As if there needed to be another reason to run this marathon. This week, my husband's first cousin was diagnosed with what they believe to be lymphoma. What they know is that it is cancer. He is undergoing tests this week and next to find out what type. He's 6 years younger than we are (in his early 30s) and is married with two very young children. What was believed to be chronic sinus infections has turned out to be cancer. Last week at this time, he was going about his life as usual. Probably waiting for a prescription for antibiotics or some simple fix to a nagging illness. Now his vocabulary includes words like biopsy, chemotherapy, treatment plan, stage, CT, and bone marrow. And those are the easy words to pronounce. In the span of one short week, the world has become a different place. Really, the change comes down to a matter of moments. Before diagnosis and after. Then you have your new "normal."

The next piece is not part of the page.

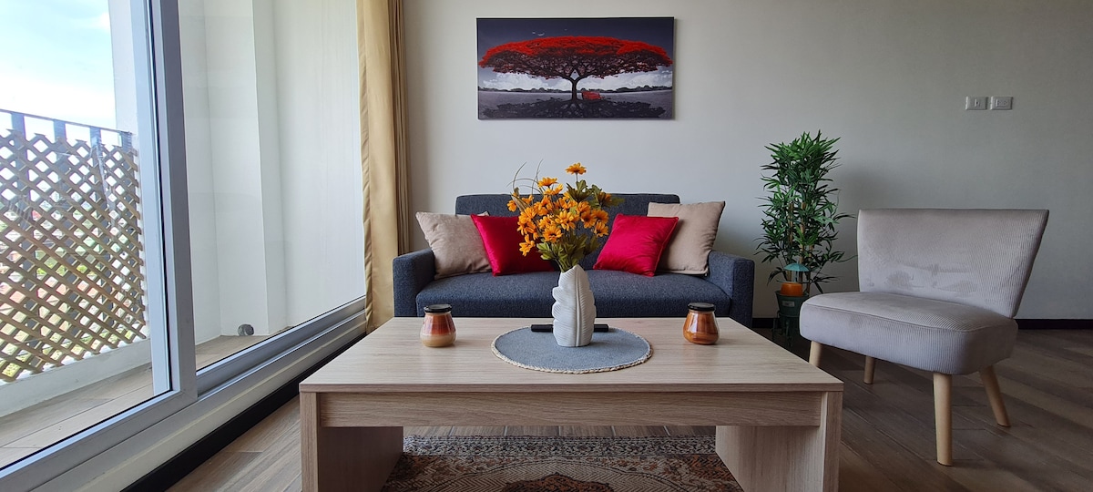 Enjoy a spectacular view of the volcanoes from your private balcony in this cozy, modern studio. It’s fully equipped with high-quality amenities, from a comfy queen-size bed to a handy sofa bed for extra guests. With a fully equipped kitchen, and black out curtains, you’ll have everything you need for a relaxed and fun stay. It includes one parking space, on-site gym and access to the building’s convenience store. Just 8 minutes from the airport is the perfect place for you and your beloved

Getting out for training runs this week has been an easy choice. Runners are often encouraged to have a mantra or a phrase that they can repeat while they are running, often during times when you'd like to pack it in and walk off. Mine has been "you don't get to quit" which I chant in my head over and over, especially while going up hills. It is reminder that running is a choice. Getting treatment for cancer isn't a choice. You really don't have the option to quit. My sister, Mary, is tolerating a treatment right now that is terribly painful and exhausting. She takes this medication every single day, and she doesn't get to quit. My husband's cousin....he doesn't get to quit either. My brother, John, and sister, Molly. They never quit. Ever. This is what I think about at mile 16. And 20. And 26. And sometimes even at mile 3.

I run because I don't want to hear about any more reasons to run.